Po powrocie z wakacji będąc na zakupach owocowych zauważyłam ze pojawiły się już jagody, wtedy przypomniałam sobie o tym przepisie i odrazu musiałam go zrobić. Te pyszne drożdżóweczki piekłam w tamtym roku jak jeszcze nie miałam swojego bloga. Ale za to w tym roku mój synuś zajadał się nimi.
Przepis pochodzi z bloga
Moje wypieki.
Składniki:
Ciasto:
80 g drobnego cukru
1 łyżeczka soli
70 g miękkiego masła
1 duże jajko, roztrzepane
450 g mąki pszennej
2 łyżeczki suchych drożdży (8 g) lub 16 g świeżych
1 i 1/8 szklanki mleka lub maślanki, o temperaturze pokojowej
Nadzienie:
200 g jagód (mogą być mrożone)
150 g serka śmietankowego, jak na serniki; może byż również ricotta
2 łyżki miodu
2 - 3 łyżki cukru waniliowego
Przygotowanie:
Nadzienie:
Serek, miód i cukier waniliowy mieszamy i odstawiamy.
Rozczyn zę świeżych drożdzy:
Drozdze, kruszymy, zasypujemy 2 łyżeczkami cukru, zalewamy odrobiną letniego mleka (np. 1/4 szklanki), oprószaszamy mąką, przykrywamy i odstawiamy na 20 minut, aż ruszą.
Ciasto:
Wszystkie składniki łączymy w naczyniu. Ze świeżych drożdży robimy wcześniej rozczyn.
Wtedy łączymy z reszta składników.

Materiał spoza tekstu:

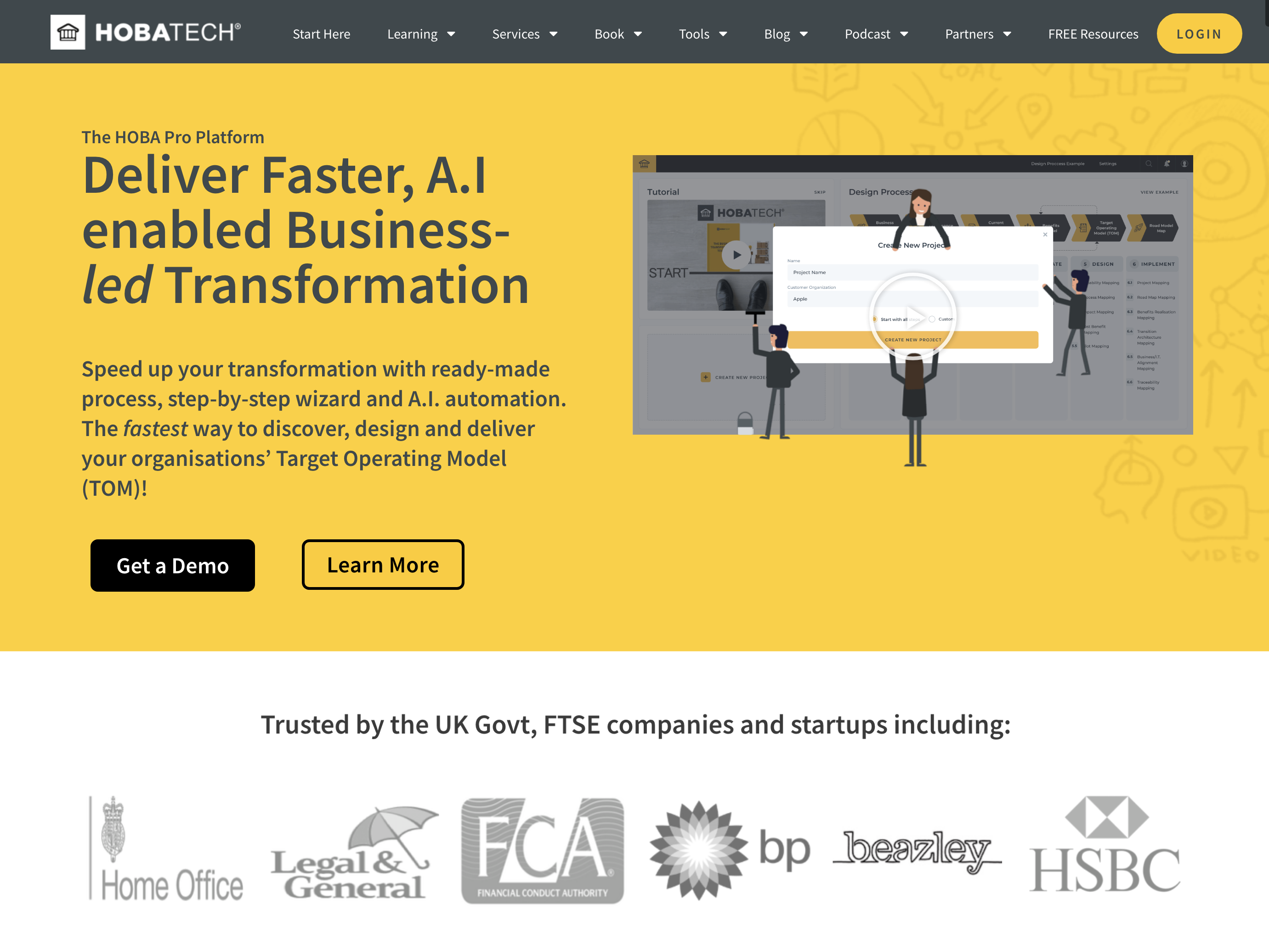 LONDON, ENGLAND, UNITED KINGDOM, November 10, 2023 /EINPresswire.com/ — HOBA Tech, a global leader in business transformation solutions, is thrilled to announce the launch of HOBA Pro®, a revolutionary a.i business transformation platform. This new product is built on the backbone of the widely-acknowledged HOBA® (House of Business Architecture®) framework, a system trusted by FTSE-100 companies, startups, and even the UK government for setting up and turning around their business transformation.
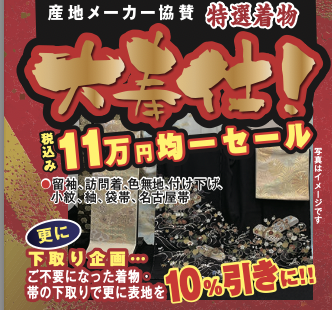 産地メーカー協賛特選着物大奉仕税込み11万円均一セール
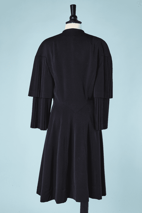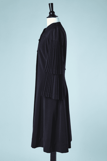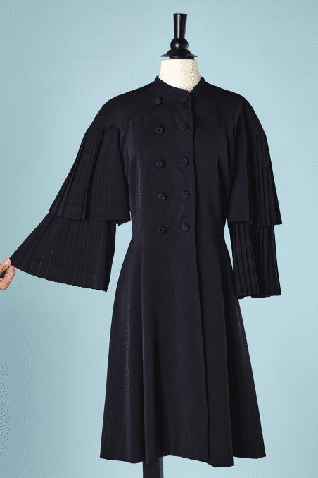 Manteau 1930 en lainage marine double manches plissées
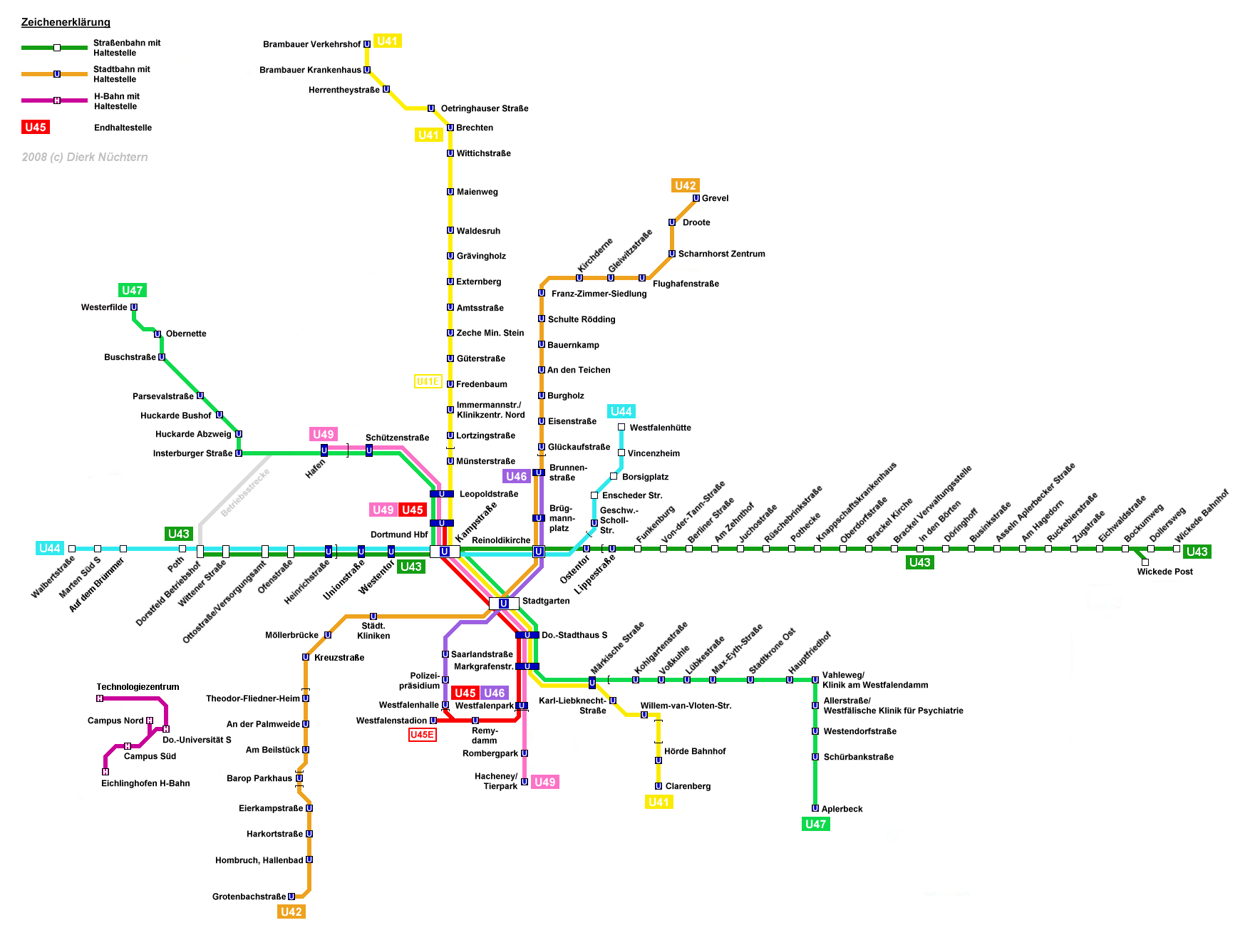 Das Dortmunder Straßenbahn- und Stadtbahnnetz ab dem 27.04.2008 Am 27. April 2008 ist es nun soweit: Der Ost-West-Tunnel in Dortmund mit den Linien U43 und U44 geht in Betrieb. Damit ist Dortmund die einzige Stadt im VRR-Gebiet, die ausschließlich Stadtbahnlinien betreibt. |
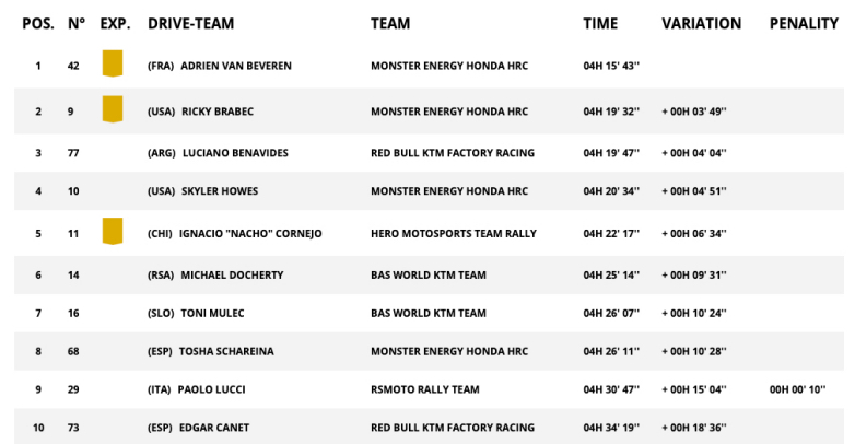 Η νίκη της Ειδικής πήγε στον Γάλλο Adrien Van Beveren, ο οποίος από την εκκίνηση στο Yanbu ζει ένα πραγματικό «τρενάκι του τρόμου». Φέτος έσπασε επιτέλους το ρόδι στον δρόμο προς την Bisha, κατακτώντας την Ειδική την ημέρα που το bivouac τίμησε τον αείμνηστο Thierry Sabine, τον άνθρωπο που δημιούργησε το Paris–Dakar και το Enduro du Touquet, τον αγώνα όπου ο Van Beveren έκανε γνωστό το όνομά του με τρεις νίκες (2014 έως 2016). Η έβδομη νίκη Ειδικής στην καριέρα του στο Dakar ανέβασε τον αναβάτη από τη βόρεια Γαλλία μία θέση ψηλότερα στην ιεραρχία, φέρνοντάς τον πλέον στην έκτη θέση της γενικής κατάταξης, περίπου μία ώρα πίσω από τον Αμερικανό πρωτοπόρο.
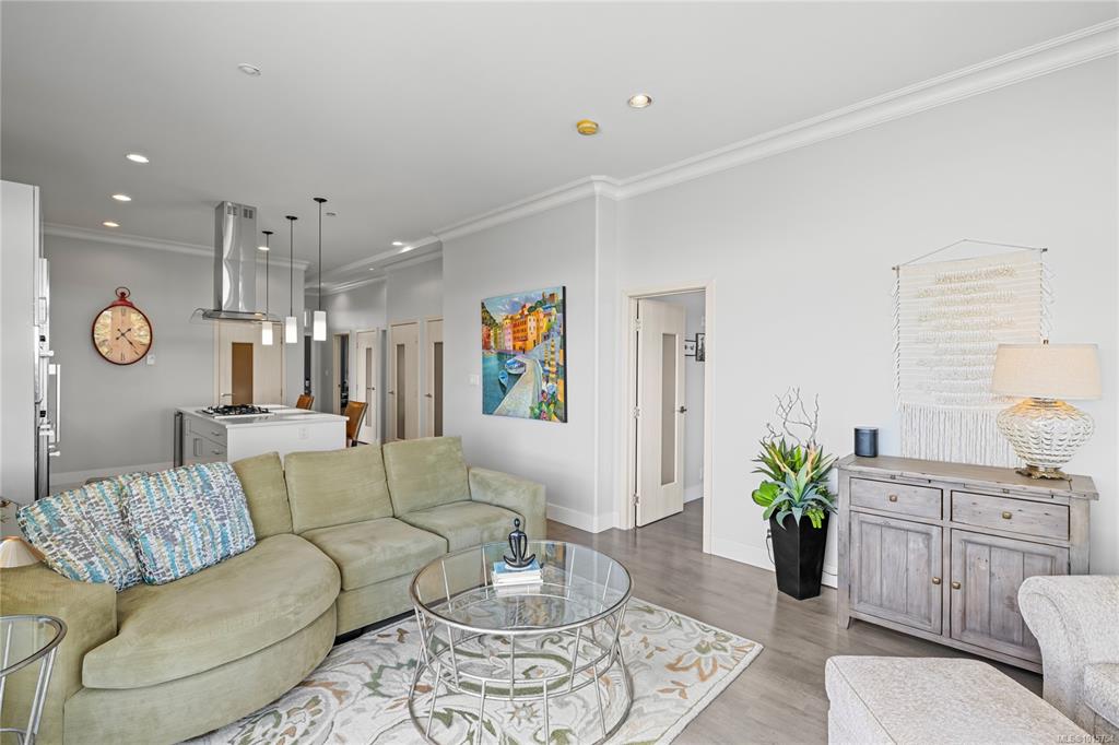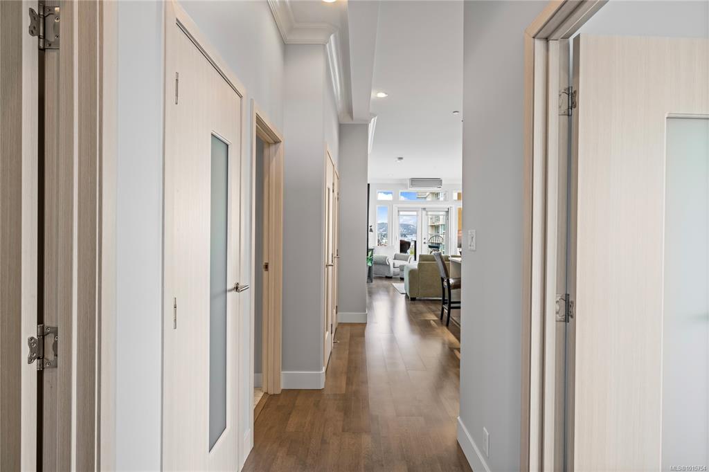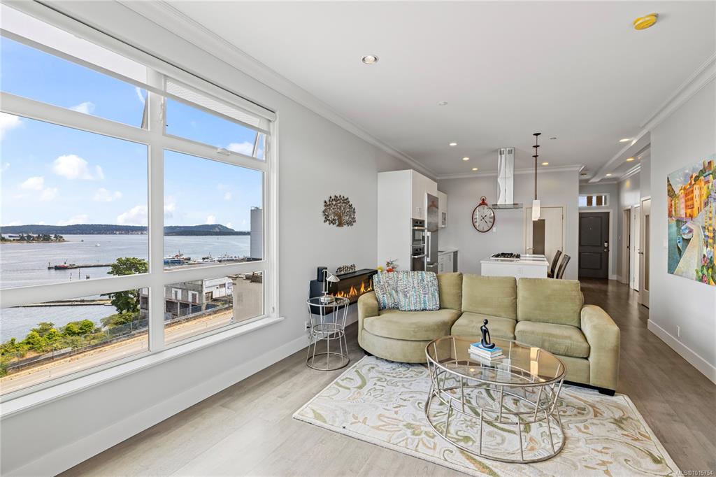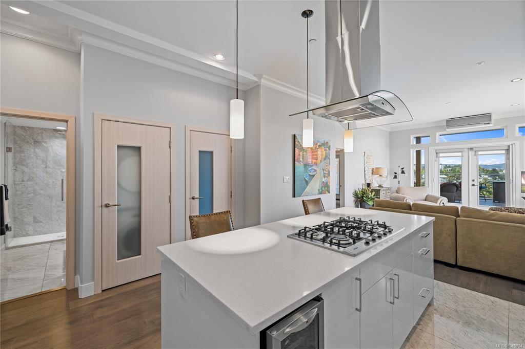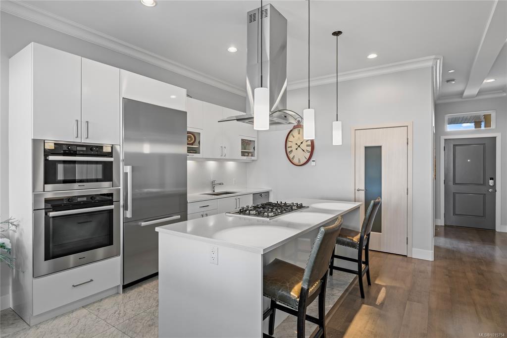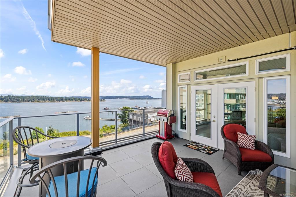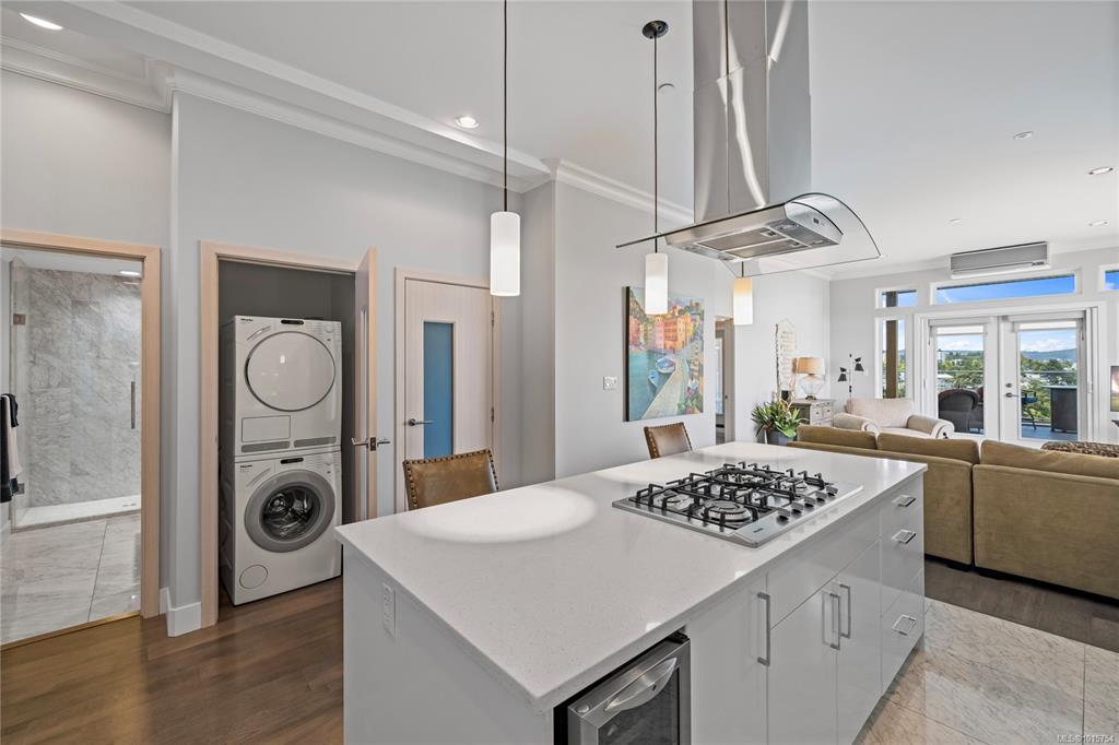 Located just steps from Nanaimo’s waterfront & vibrant downtown core, Unit 404 at the Aqua Residences offers the ultimate in West Coast living. This luxurious 3-bedroom, 2-bathroom corner unit is filled w/ natural light & features a contemporary open layout, perfect for entertaining or quiet nights at home. The chef’s kitchen boasts quartz countertops, soft-close cabinetry, a walk-in pantry & a premium Miele appliance package. Both the living room & primary bedroom open onto a large, covered patio with sens...

Wyrobiamy miękkie, elastyczne ciasto, może się trochę kleić. Oprószamy mąką, przykrywamy i odstawiamy do podwojenia objętości w ciepłe miejsce. (Ja osdtawiłam ciasto na około 3 godziny )
Po tym czasie ciasto wyjmujemy i lekko wyrobiamy. Podsypując delikatnie mąką rozwałkowujemy ciasto na prostokąt o szerokości około 30 x 35 cm (nie większy, bo ciasto będzie zbyt cienkie). Powierzchnię ciasta smarujemy twarożkiem, posypać jagodami. Całość zwijamy wzdłuż krótszego boku. Kroimy na 12 równych części - ślimaki, które układamy powierzchnią ściętą do góry, na oprószonej mąką lub wyłożonej papierem do pieczenia blaszce w odległosci około 1 cm od siebie. Następnie znowu odstawiamy drożdżówki do wyrośnięcia w ciepłe miejsce, na około 60 minut.
Pieczemy w temperaturze 190ºC przez około 20 - 30 minut, aż bułeczki będą dobrze wypieczone.
Ciepłe drożdżówki można polukrować albo posypać cukrem pudrem.